_Required action_: Print each record below precisely, with every picture left out of the copy.

*** The records ***

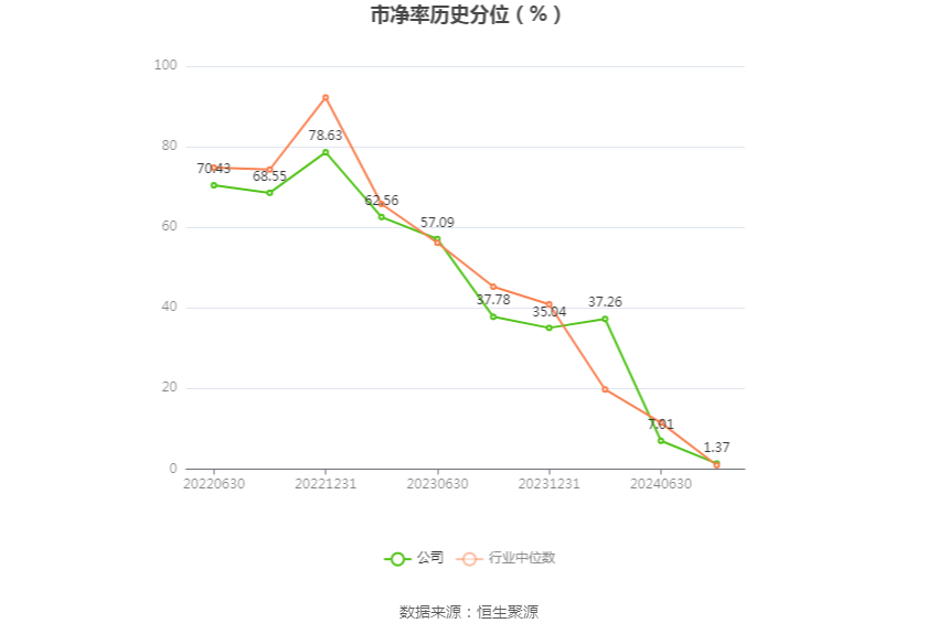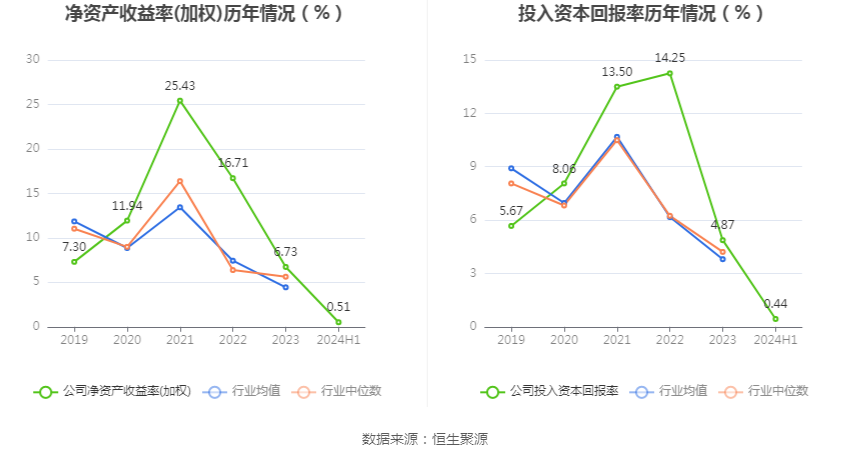 数据显示,2024年上半年公司加权平均净资产收益率为0.51%,较上年同期下降4.18个百分点;公司2024年上半年投入资本回报率为0.44%,较上年同期下降3.04个百分点。
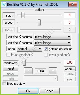 **Effets/Frischluft /Box Blur réglages suivants :
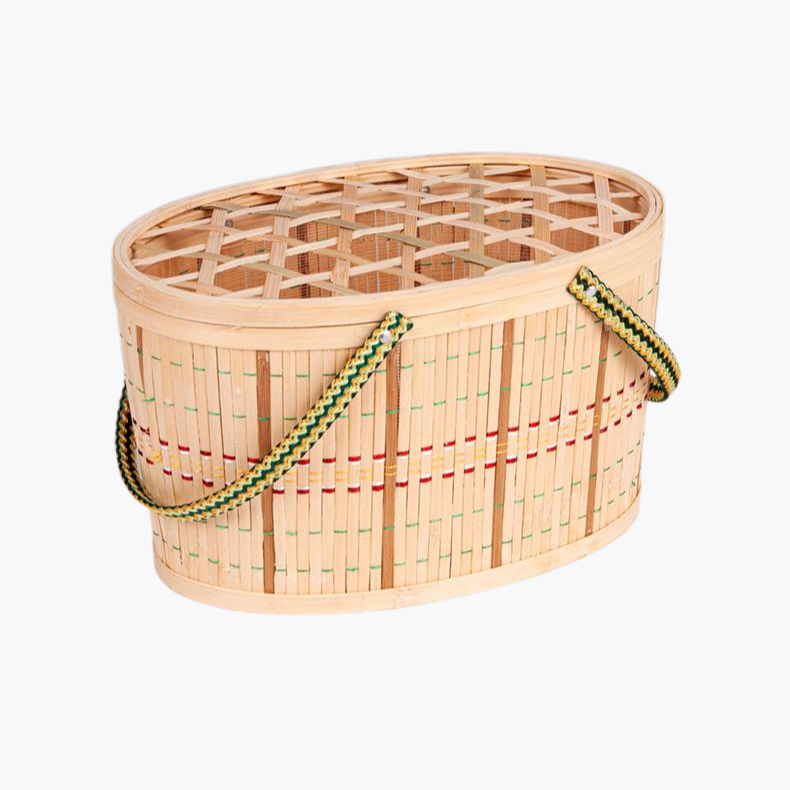 손에 대바구니를 들다—내구성 좋은 천연 대나무 바구니, 가볍고 실용적, 다양한 용도, 친환경 재질, 손잡이 디자인으로 휴대 편리
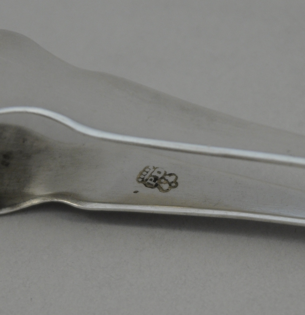 PINCE À SUCRE en argent. Les cuillerons en forme de coquille stylisée. Une toupie à l'amortissement. Poinçon de Maître "PD". Bordeaux, vers 1740. Long. 17,4 cm. Poids: 60 g.
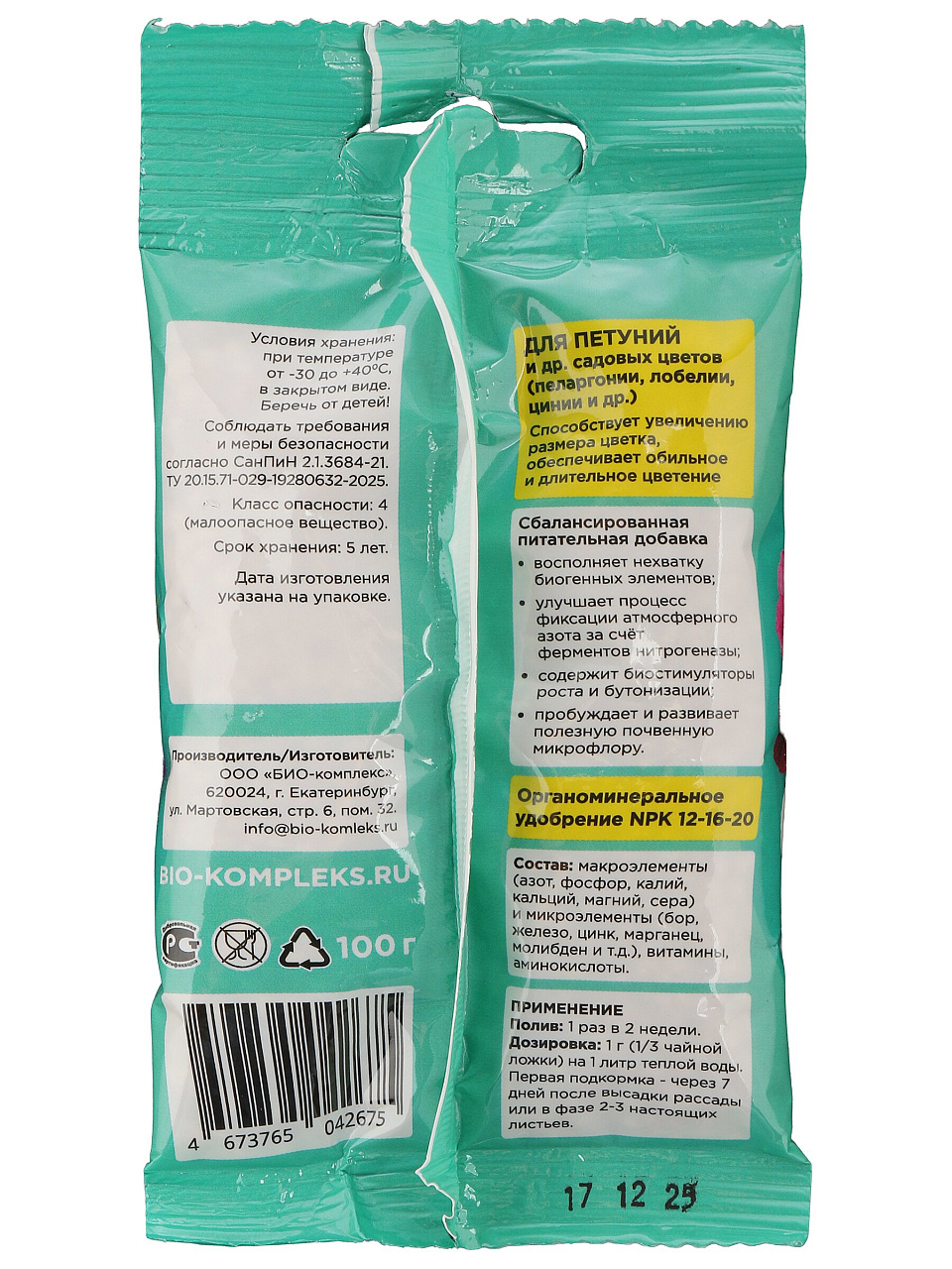Пакет 100 г рассчитан на полный сезон ухода за петуниями или декоративными растениями на площади до 10 м².
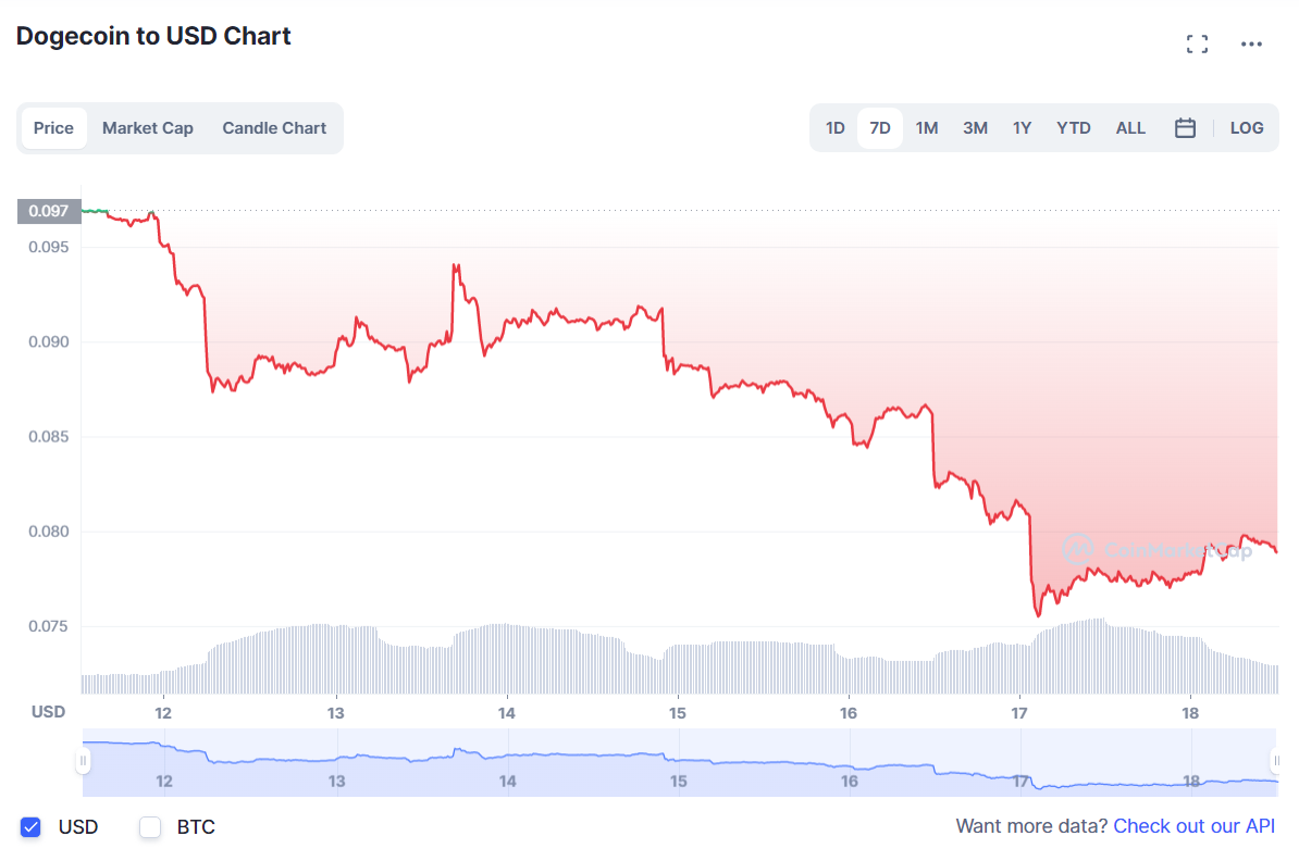 Sponsored SponsoredГлавным неудачником среди валют топ-10 на этой неделе снова оказался коин проекта Dogecoin (DOGE), просевший за 7 дней на 18,68% в район $0.0788 (на момент написания, согласно данным Сoinmarketcap).

*** End of The records ***

_Task response_:
 数据显示,2024年上半年公司加权平均净资产收益率为0.51%,较上年同期下降4.18个百分点;公司2024年上半年投入资本回报率为0.44%,较上年同期下降3.04个百分点。
 **Effets/Frischluft /Box Blur réglages suivants :
 손에 대바구니를 들다—내구성 좋은 천연 대나무 바구니, 가볍고 실용적, 다양한 용도, 친환경 재질, 손잡이 디자인으로 휴대 편리
 PINCE À SUCRE en argent. Les cuillerons en forme de coquille stylisée. Une toupie à l'amortissement. Poinçon de Maître "PD". Bordeaux, vers 1740. Long. 17,4 cm. Poids: 60 g.
Пакет 100 г рассчитан на полный сезон ухода за петуниями или декоративными растениями на площади до 10 м².
 Sponsored SponsoredГлавным неудачником среди валют топ-10 на этой неделе снова оказался коин проекта Dogecoin (DOGE), просевший за 7 дней на 18,68% в район $0.0788 (на момент написания, согласно данным Сoinmarketcap).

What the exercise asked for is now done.